FADBUSTERS Willson-Piper, Koppes, Powles, and Kilbey never worried about being "of the times" — or about reacting against them.

FADBUSTERS Willson-Piper, Koppes, Powles, and Kilbey never worried about being "of the times" — or about reacting against them.

When the Church released their first-ever hit single, “The Unguarded Moment” (off 1981′s Of Skins and Heart), the Aussie band also issued their most dishonest lyric: “It’s so hard/Finding inspiration.” I get a hearty laugh from guitarist/songwriter Marty Willson-Piper when I ask whether his band have ever had a hard time finding inspiration.

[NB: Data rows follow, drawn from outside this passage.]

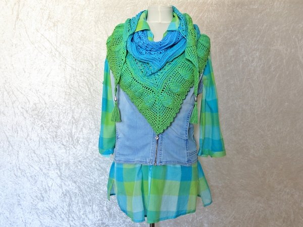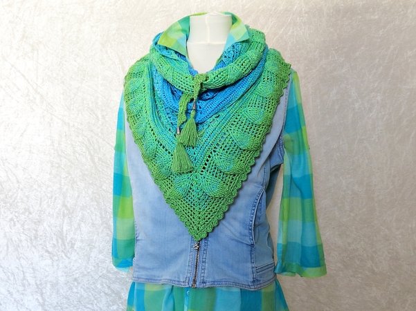 Besonders schön wirkt das Häkeltuch mit einer Farbverlaufswolle, kann aber auch in einem einfarbigen Garn gearbeitet werden.
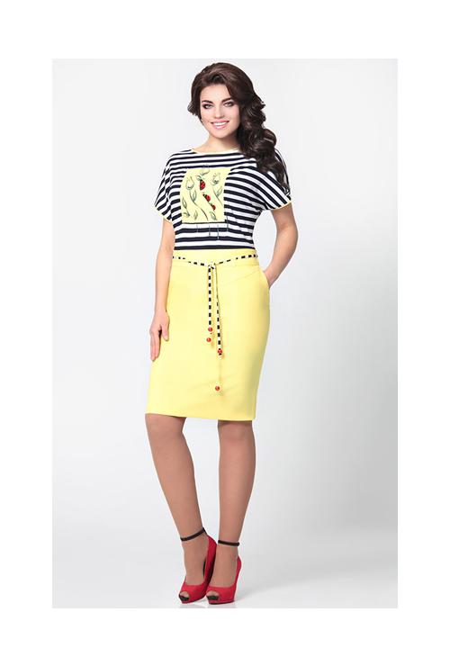 Платье женское полуприлегающего силуэта из двух видов ткани - вискозы и льна-вишера. Платье отрезное по талии. Верхняя часть платья - лиф цельнокроенный из вискозы. Вырез горловины круглый, обработан косой бейкой из отделочной ткани в цвет юбки. Низ платья - прямая юбка, чуть зауженная к низу с фигурными подрезами. По талии настрочены шлевки, через которые протянут тонкий пояс с декоративными наконечниками в виде бусин. С левой стороны платья в боковой шов вставлена потайная тесьма - молния. Рукав спущенный. Декор - по полочке лифа платья настрочен декоративный элемент (в виде прямоугольника), на котором выполнена вышивка. Длина платья - 93 см. Длина рукава - 15 см.
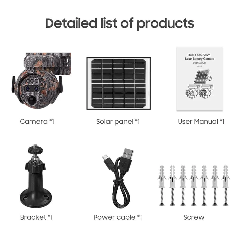 ST-S515 is one of the most advanced trail cameras with solar panels, featuring a dual-lens system (4mm + 12mm) and 12x manual zoom. Users can clearly view subjects within 50 meters, making it ideal for wildlife tracking, home security, and farm monitoring. With a pixel resolution of 2304×1296 + 2304×1296 and an 85° viewing angle, it provides detailed imaging across wide outdoor spaces.

“No, never. Never.” Willson-Piper is relaxing in a Denver hotel room in the midst of the Church’s tour (which brings them to Showcase Live in Foxborough next Thursday) in support of Untitled #23 (Second Motion). This release is the 22nd long-player in 28 years for the band, whose line-up has remained constant: Willson-Piper, original bassist/vocalist Steve Kilbey and guitarist Peter Koppes, and, since 1996, drummer Tim Powles. Allowing his laugh to give way to his thick Liverpudlian accent (he joined the band in 1980 after emigrating to Oz from England), Willson-Piper continues, “If somebody would pay for, you know, a big house where we could go and jam and play every day, with no other concerns, we could make, easily, 15 or 20 albums a year. That’s just how we are — there’s no end to the formula for writing songs, you are only limited by your own limitations, right?”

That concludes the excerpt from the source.